- _The problem_
Do not include the pictures; repeat the rest of the data exactly.

- _Input data_
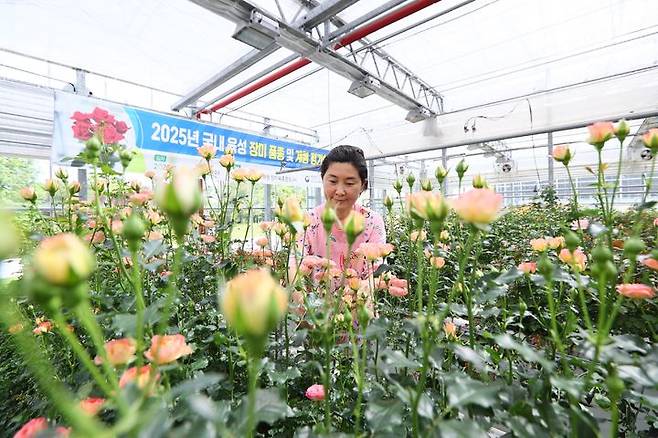 [서울=뉴시스] 21일 전북 완주군 농촌진흥청 국립원예특작과학원 장미 온실에서 장미 품종 평가회가 열린 가운데 평가 참여자들이 국산 장미 품종을 살펴보고 있다. (사진=농촌진흥청 제공) 2025.05.21. photo@newsis.com *재판매 및 DB 금지
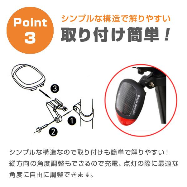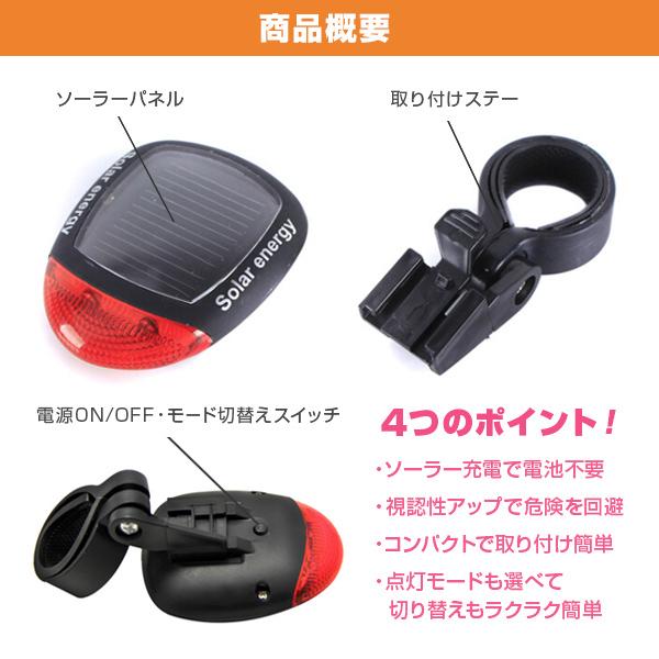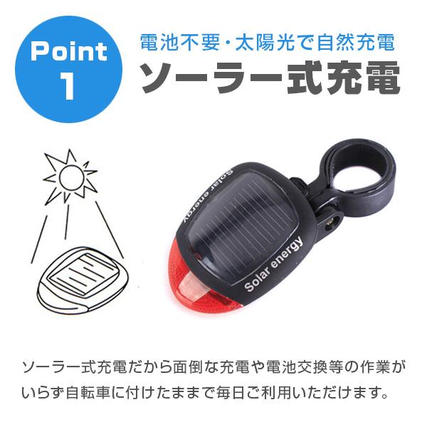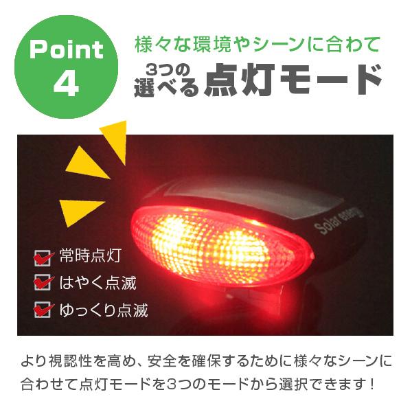 自転車用 テールライト テールランプ ソーラー 充電式 ライト 明るい LED リアライト サイクル フラッシュ 夜 照明
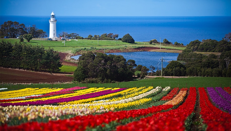 Red, purple, pink, orange, yellow and white, spring brings the island’s most amazing riot of colour to Table Cape Tulip Farm. Row after row of blooming tulips stretch away, with the surrounding green fields, blue Bass Strait and a white lighthouse forming an ideal backdrop. It’s an explosion of colours like you’ve never seen before.
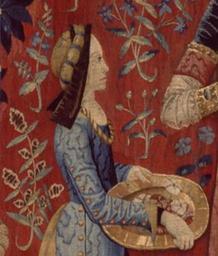 | Keywords: The Lady and the unicorn Smell. det1jpg.jpg en The Lady and the Unicorn French La Dame à la licorne also called the Tapestry Cycle is the title of a series of six Flemish tapestries depicting the senses They are estimated to have been woven in the late 15th century in the style of mille-fleurs fr La Dame à la licorne est une série de six tapisseries datant du XVe siècle que l'on peut voir au musée national du Moyen Âge et illustrent des sens http //www musee-moyenage fr/ang/pages/page_id18026_u1l2 htm between 1484 and 1500; entre 1484 et 1500 La Dame à la licorne PD-old |

- _Reply_
 [서울=뉴시스] 21일 전북 완주군 농촌진흥청 국립원예특작과학원 장미 온실에서 장미 품종 평가회가 열린 가운데 평가 참여자들이 국산 장미 품종을 살펴보고 있다. (사진=농촌진흥청 제공) 2025.05.21. photo@newsis.com *재판매 및 DB 금지
 自転車用 テールライト テールランプ ソーラー 充電式 ライト 明るい LED リアライト サイクル フラッシュ 夜 照明
 Red, purple, pink, orange, yellow and white, spring brings the island’s most amazing riot of colour to Table Cape Tulip Farm. Row after row of blooming tulips stretch away, with the surrounding green fields, blue Bass Strait and a white lighthouse forming an ideal backdrop. It’s an explosion of colours like you’ve never seen before.
 | Keywords: The Lady and the unicorn Smell. det1jpg.jpg en The Lady and the Unicorn French La Dame à la licorne also called the Tapestry Cycle is the title of a series of six Flemish tapestries depicting the senses They are estimated to have been woven in the late 15th century in the style of mille-fleurs fr La Dame à la licorne est une série de six tapisseries datant du XVe siècle que l'on peut voir au musée national du Moyen Âge et illustrent des sens http //www musee-moyenage fr/ang/pages/page_id18026_u1l2 htm between 1484 and 1500; entre 1484 et 1500 La Dame à la licorne PD-old |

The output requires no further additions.